▶ **Stored data**
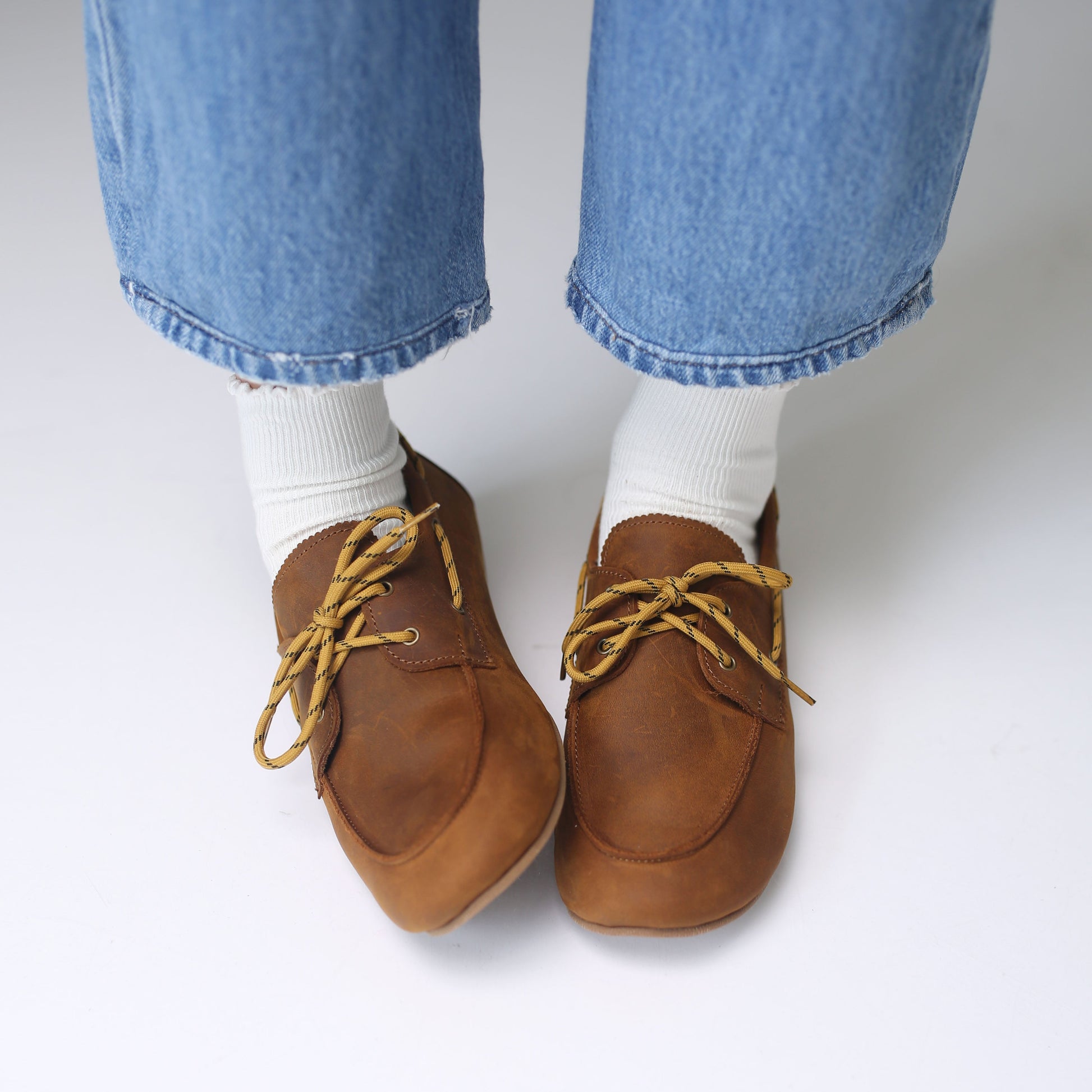Mocasin estilo náutico o Top Sider de cuero liso marrón. Pasador ajustable. Interior de cuero natural. Suela de caucho crema.
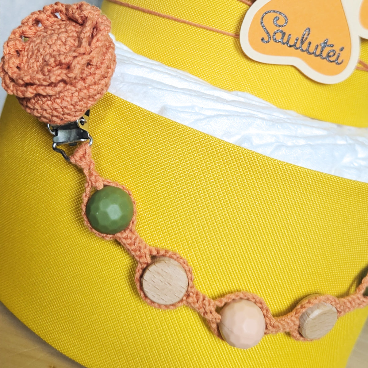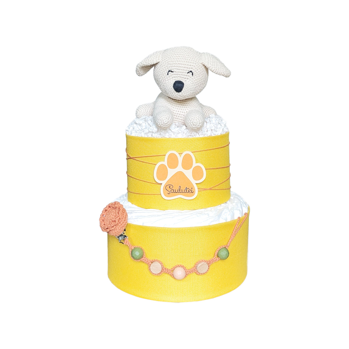 Šis tortas papuoštas rankų darbo nertu žaisliuku ir čiulptuko laikikliu, taip pat pridėta vardo kortelė.
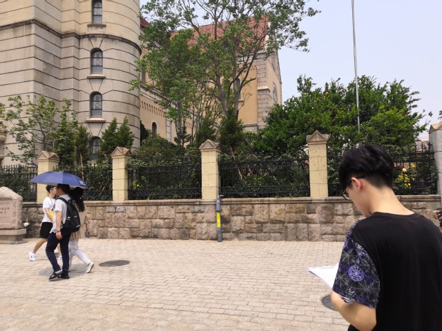 下午1点半,调研队成员到达了青岛天主教堂。天主教堂是一座尖顶楼,拥有着悠久的历史,本名天主教青岛教区浙江路圣弥厄尔教堂,从外面看起来非常的壮观。调研团队通过对当地居民和游客的采访了解了天主教堂的相关知识,包括它的设计人、建造时间,高度以及建筑风格,天主教堂由德国设计师毕露哈依依据哥德式和罗马式建筑风格而设计,始建于1932年,于1934年竣工,塔身高56米。

▶ **Brief**
Quote the data exactly, leaving every image out of the copy.

▶ **Task response**
Mocasin estilo náutico o Top Sider de cuero liso marrón. Pasador ajustable. Interior de cuero natural. Suela de caucho crema.
 Šis tortas papuoštas rankų darbo nertu žaisliuku ir čiulptuko laikikliu, taip pat pridėta vardo kortelė.
 下午1点半,调研队成员到达了青岛天主教堂。天主教堂是一座尖顶楼,拥有着悠久的历史,本名天主教青岛教区浙江路圣弥厄尔教堂,从外面看起来非常的壮观。调研团队通过对当地居民和游客的采访了解了天主教堂的相关知识,包括它的设计人、建造时间,高度以及建筑风格,天主教堂由德国设计师毕露哈依依据哥德式和罗马式建筑风格而设计,始建于1932年,于1934年竣工,塔身高56米。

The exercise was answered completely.